** RECORD EXTRACTS follows **

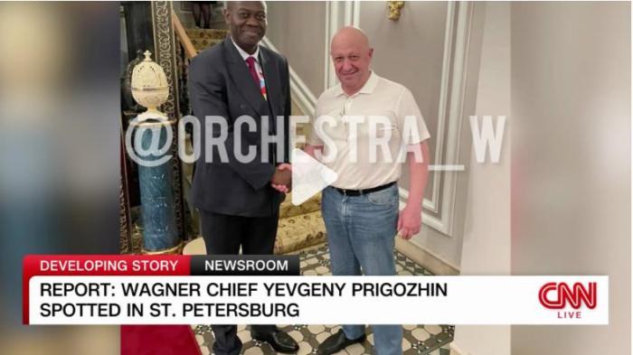 在圣彼得堡舉行的俄非峰會(huì)期間,“瓦格納”組織創(chuàng)始人普里戈任被拍到和與會(huì)非洲代表握手。(圖片來源:美國有線電視新聞網(wǎng)視頻截圖)
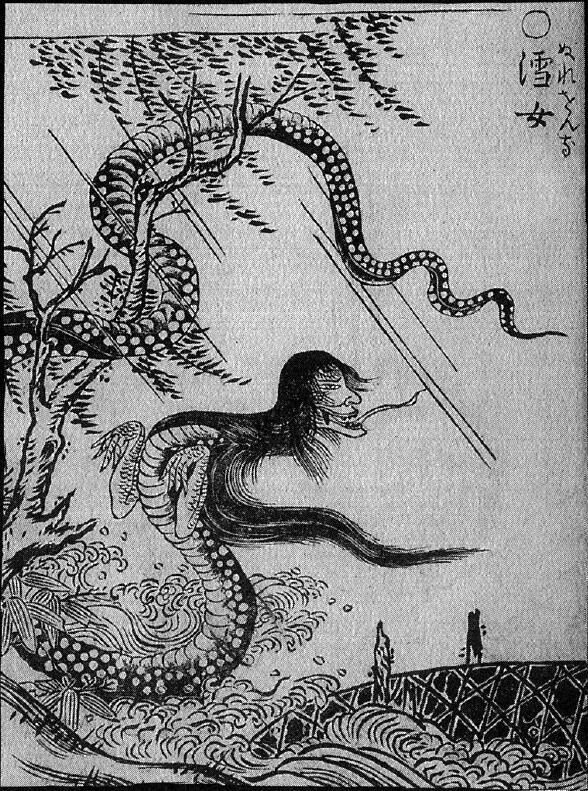 《百鬼夜行图》中描绘的濡女有着超长的尾巴,据说长度有300米多米。平日里,她坐在海边的岩石上,只露出上半部分的女身,妩媚地梳理着随风飘动的长发,倘若有人为美色所迷,接近她并搭讪的话,她就会迅速地甩出藏在水下的蛇尾,将目标缠绕住,然后露出狰狞的本相,裂开大口,发出几乎可以刺破耳膜的尖啸,嘴里吐出蛇信般分叉的舌头,一口气吸干受害人全身的血液。在鹿儿岛县,渔民之间甚至传说只要看濡女一眼,就会得病死去,其恐怖如此。以至于为了不与濡女遭遇,渔夫们在盂兰盆会、大年三十以及七月十八的晚上,都绝不出海。
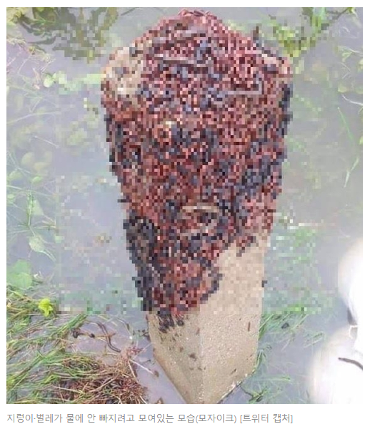 지렁이·벌레가 물에 안 빠지려고 모여있는 모습(모자이크) [트위터 캡처]
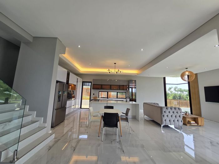 Resort-style family living in Palm Lakes Estate on the KZN North Coast, with open-plan entertaining, modern quartz kitchen and main-suite balcony overlooking the greenbelt — 3 beds, 3.5 baths.
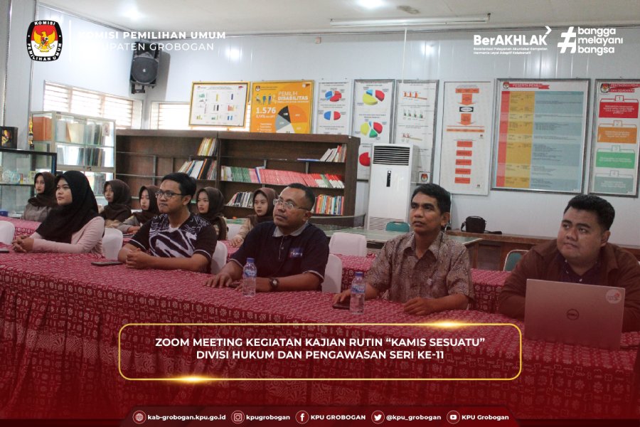 Hai #TemanPemilih, KPU Kabupaten Grobogan mengikuti zoom meeting Kegiatan Kajian Rutin “Kamis Sesuatu” Divisi Hukum dan Pengawasan Seri ke-11 bertempat di Aula Kantor KPU Kabupaten Grobogan, Jum'at (25/7/2025). Kegiatan yang diselenggarakan oleh KPU Provinsi Jawa Tengah ini diikuti oleh Kadiv Hukum dan Pengawasan KPU Kabupaten Grobogan, Muh Syaifudin, S.Pd.I., M.Pd. dan Heri Prasetiyo, S.Sos., Kasubbag Teknis Penyelenggaraan Pemilu dan Hukum Sekretariat KPU Kabupaten Grobogan beserta Staf. Adapun episode kali ini mengusung tema Putusan MK PHPU Pemilihan Bupati dan Wakil Bupati Kabupaten Tasikmalaya Tahun 2024, dengan menghadirkan narasumber Ade Abdullah Sidiq, Kadiv Hukum dan Pengawasan KPU Kabupaten Tasikmalaya dan Kadiv Hukum dan Pengawasan KPU Kota Salatiga, Nurwachid Efendi. Kegiatan dibuka oleh Ketua KPU Provinsi Jawa Tengah dalam hal ini diwakili oleh Kadiv SDM, Penelitian dan Pengembangan KPU Provinsi Jawa Tengah, Mey Nurlela. Apresiasi disampaikan untuk kegiatan Kamis Sesuatu yang telah memasuki Seri Ke-11. Disampaikan bahwa kasus yang ada di Kabupaten Tasikmalaya hampir menyerupai dengan yang ada di Kabupaten Purbalingga terkait dengan periodesasi yaitu incumbent yang telah menjabat 2 kali periode. Bedanya incumbent yang ada di Kabupaten Purbalingga tidak menang sehingga tidak ada gugatan atas hal tersebut. Mey Nurlela berharap kegiatan ini dapat menjadi pembelajaran bersama dan analisis terhadap situasi ini bisa memberikan pencerahan untuk kita semua. Memasuki inti acara penyampaian pengantar oleh Kadiv Hukum dan Pengawasan KPU Provinsi Jawa Barat Aneu Nursifah yang kemudian dilanjutkan pembahasan materi oleh masing-masing narasumber. Kegiatan ditutup dengan arahan dan kajian hukum oleh Muslim Aisha, Kadiv Hukum dan Pengawasan KPU Provinsi Jawa Tengah.

** End of RECORD EXTRACTS **

Print only the lines from the first line of the data above through the one containing "지렁이·벌레가 물에 안 빠지려고 모여있는 모습(모자이크) [트위터 캡처]", exactly as they are, with pictures omitted.

 在圣彼得堡舉行的俄非峰會(huì)期間,“瓦格納”組織創(chuàng)始人普里戈任被拍到和與會(huì)非洲代表握手。(圖片來源:美國有線電視新聞網(wǎng)視頻截圖)
 《百鬼夜行图》中描绘的濡女有着超长的尾巴,据说长度有300米多米。平日里,她坐在海边的岩石上,只露出上半部分的女身,妩媚地梳理着随风飘动的长发,倘若有人为美色所迷,接近她并搭讪的话,她就会迅速地甩出藏在水下的蛇尾,将目标缠绕住,然后露出狰狞的本相,裂开大口,发出几乎可以刺破耳膜的尖啸,嘴里吐出蛇信般分叉的舌头,一口气吸干受害人全身的血液。在鹿儿岛县,渔民之间甚至传说只要看濡女一眼,就会得病死去,其恐怖如此。以至于为了不与濡女遭遇,渔夫们在盂兰盆会、大年三十以及七月十八的晚上,都绝不出海。
 지렁이·벌레가 물에 안 빠지려고 모여있는 모습(모자이크) [트위터 캡처]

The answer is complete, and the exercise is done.